INFORMATION SHOWN section start

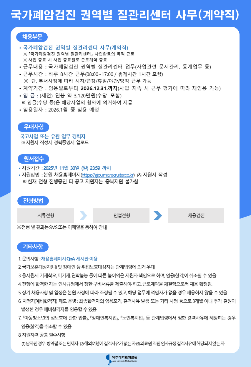 ±¹°¡Æó¾Ï°ËÁø ±Ç¿ªº° Áú°ü¸®¼¾ÅÍ »ç¹«(°è¾àÁ÷)
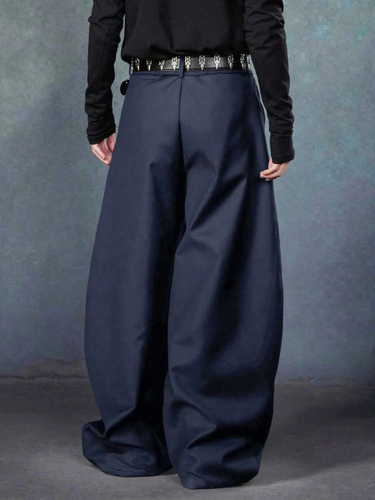 Trendy Men's Black Wide Leg Casual Pants with Metal Ring Patchwork Design - Perfect for Streetwear and Emo Styles
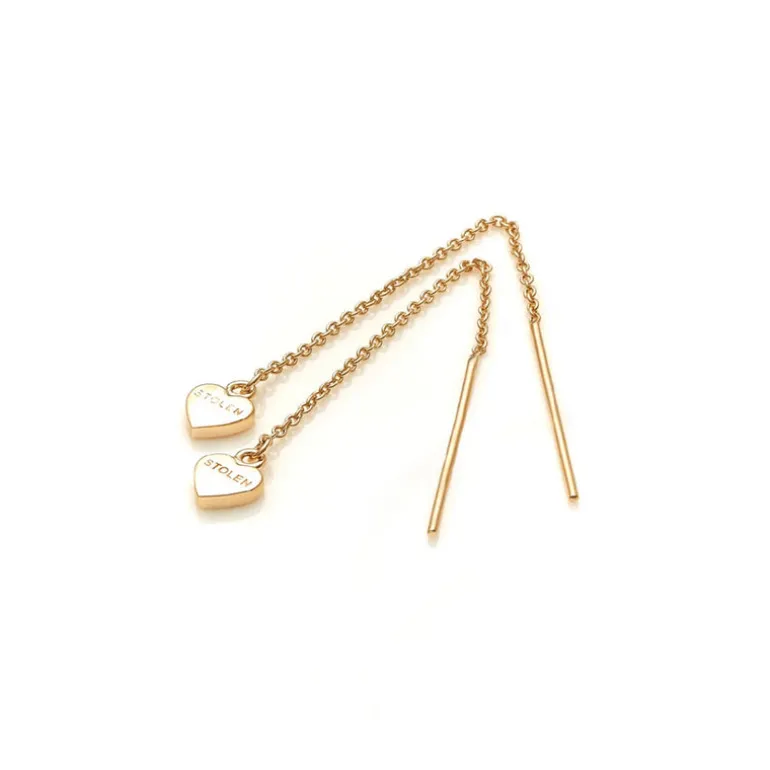Our Falling Stolen Heart Earrings are made from a sterling silver base and coated in 1.5microns of 18k yellow gold. This pair of thread-style earrings feature our iconic baby Stolen Heart charms set on an ultra-fine chain.
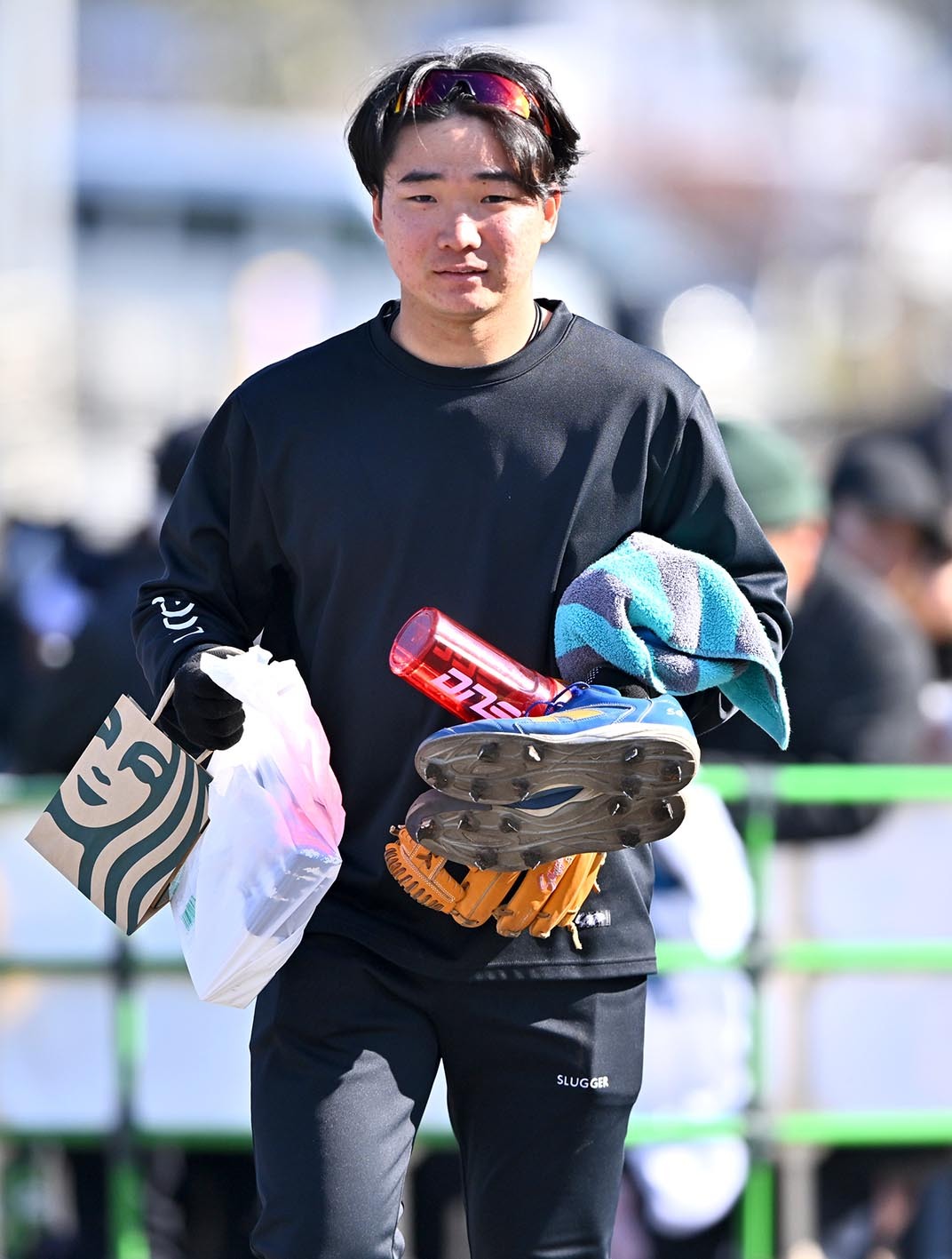 バットも振り込んできた。「順調に追い込めているなって感じはしますけど。今ちょっと落とせって言われていて、少し飛ばしすぎたので。落とすのも、もともとの予定にあったんですけど、にしても自分としては全然だったんですけど、手の方が付いていかなくて。逆に守備(の練習量を)を上げています」。この日もグラウンドでノックを受けるなど、精力的に汗を流している。

INFORMATION SHOWN section end

> **ACTIVITY**
The result should be a transcript of the lines from the line containing "Trendy Men's Black" through the end of the listing above, exact, inclusive, and without pictures.

> **SOLUTION**
 Trendy Men's Black Wide Leg Casual Pants with Metal Ring Patchwork Design - Perfect for Streetwear and Emo Styles
Our Falling Stolen Heart Earrings are made from a sterling silver base and coated in 1.5microns of 18k yellow gold. This pair of thread-style earrings feature our iconic baby Stolen Heart charms set on an ultra-fine chain.
 バットも振り込んできた。「順調に追い込めているなって感じはしますけど。今ちょっと落とせって言われていて、少し飛ばしすぎたので。落とすのも、もともとの予定にあったんですけど、にしても自分としては全然だったんですけど、手の方が付いていかなくて。逆に守備(の練習量を)を上げています」。この日もグラウンドでノックを受けるなど、精力的に汗を流している。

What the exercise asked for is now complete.